The first step is given to us: In the following cells we are going to create a new dataset that has an additional covariate representing the alternative that was chosen before each choice situation.


In [32]:
catsup_past = catsup_pd.copy()

This functions takes a column, removes the last observation and adds a -1 at the begginning.
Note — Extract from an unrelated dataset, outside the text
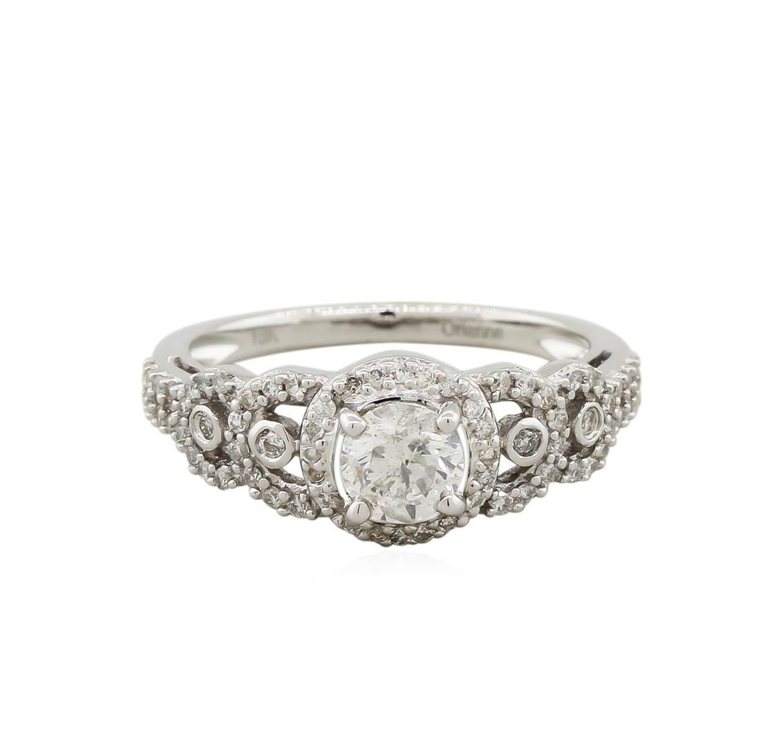 14KT white gold round brilliant cut diamond ring. A round brilliant cut diamond weighing in at an aproximate 0.60 carats is prong mounted in the center of the ring. Approximately 0.34 carats of round brilliant cut diamonds accent the ring around the center gemstones and on both sides. The ring is cast stamped "14K" and has a gross weight of 4.7 grams. The diamonds have an average clarity of I1, color G-J. Finish: High polish. Condition: Excellent GAS Appraised at $7,970.00.

This is how we create the lagged variable.

In [43]:
def last_choice(x):
  return pd.Series([-1]).append(x[:-1])

We apply the function `last_choice` to the dataset, but we group the dataset by the id of the household.

In [54]:
lchoice =  catsup_past.groupby('id')['choice'].apply(last_choice).reset_index()#.head(25)
catsup_past['last_choice'] = lchoice['choice']
catsup_past.head(17)

Unnamed: 0,id,disp_heinz41,disp_heinz32,disp_heinz28,disp_hunts32,feat_heinz41,feat_heinz32,feat_heinz28,feat_hunts32,price_heinz41,price_heinz32,price_heinz28,price_hunts32,choice,_biogroups,last_choice
0,1,0,0,0,0,0,0,0,0,4.6,3.7,5.2,3.4,0,1,-1
1,1,0,0,0,0,0,0,0,0,4.6,4.3,5.2,4.4,0,1,0
2,1,0,0,0,0,0,1,0,0,4.6,2.5,4.6,4.8,0,1,0
3,1,0,0,0,0,0,0,0,0,4.6,3.7,5.2,3.4,0,1,0
4,1,0,0,0,0,0,0,1,0,4.6,3.0,4.6,4.8,0,1,0
5,1,0,0,0,0,0,0,0,0,5.0,3.0,4.7,3.0,0,1,0
6,1,0,0,0,1,0,0,0,1,5.1,3.1,4.6,4.1,0,1,0
7,1,0,0,0,0,0,0,0,0,4.6,3.4,4.7,3.1,1,1,0
8,1,0,0,0,0,0,0,0,0,5.0,3.4,4.7,3.1,0,1,1
9,1,0,0,0,1,0,0,0,0,5.0,3.4,5.0,2.8,0,1,0


But now it is up to you how the new variable is added to the model!
Transformations? Dummy encoding? Per-alternative parameters?.